Leave the pictures out and restate every line below exactly.

* _Available data_
= = = = = = =
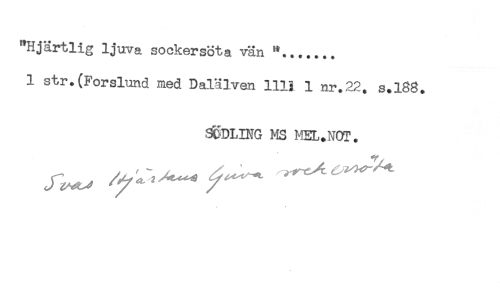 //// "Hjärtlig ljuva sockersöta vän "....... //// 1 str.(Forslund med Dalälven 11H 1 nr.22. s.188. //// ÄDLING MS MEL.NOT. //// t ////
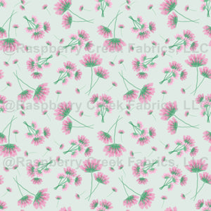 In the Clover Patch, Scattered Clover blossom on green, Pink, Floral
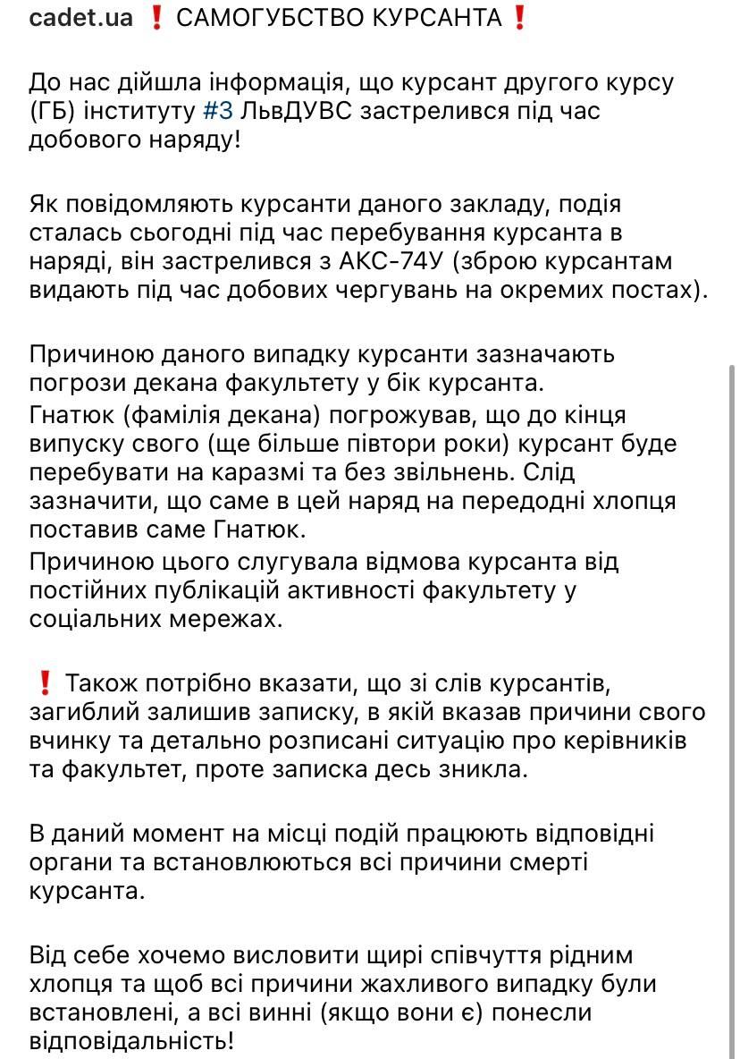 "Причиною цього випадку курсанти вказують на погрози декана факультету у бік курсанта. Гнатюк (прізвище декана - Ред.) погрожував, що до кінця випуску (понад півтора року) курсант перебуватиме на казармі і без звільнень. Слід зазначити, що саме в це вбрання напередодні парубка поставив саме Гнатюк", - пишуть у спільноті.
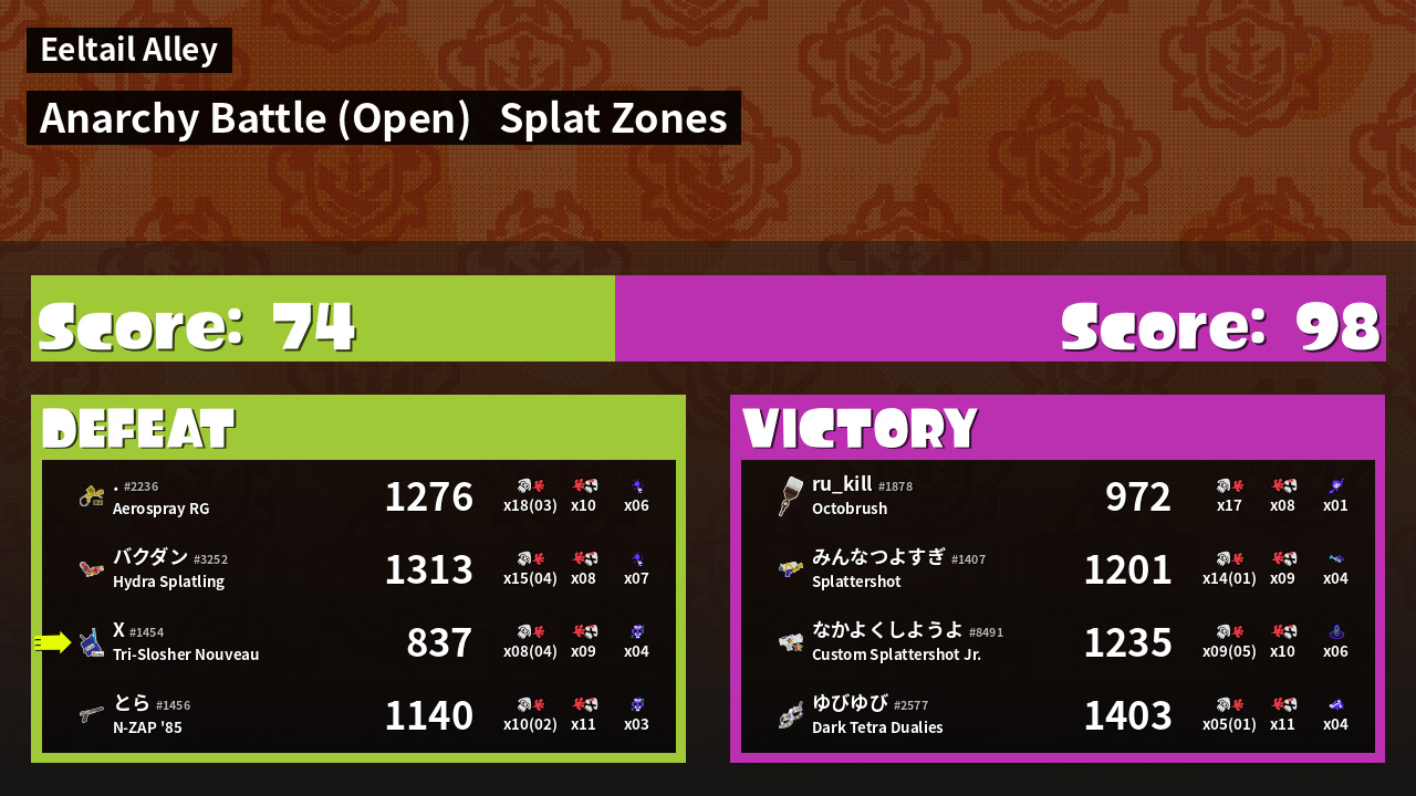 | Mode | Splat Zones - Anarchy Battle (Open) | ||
= = = = = = =
* _Answer to this problem_
 //// "Hjärtlig ljuva sockersöta vän "....... //// 1 str.(Forslund med Dalälven 11H 1 nr.22. s.188. //// ÄDLING MS MEL.NOT. //// t ////
 In the Clover Patch, Scattered Clover blossom on green, Pink, Floral
 "Причиною цього випадку курсанти вказують на погрози декана факультету у бік курсанта. Гнатюк (прізвище декана - Ред.) погрожував, що до кінця випуску (понад півтора року) курсант перебуватиме на казармі і без звільнень. Слід зазначити, що саме в це вбрання напередодні парубка поставив саме Гнатюк", - пишуть у спільноті.
 | Mode | Splat Zones - Anarchy Battle (Open) | ||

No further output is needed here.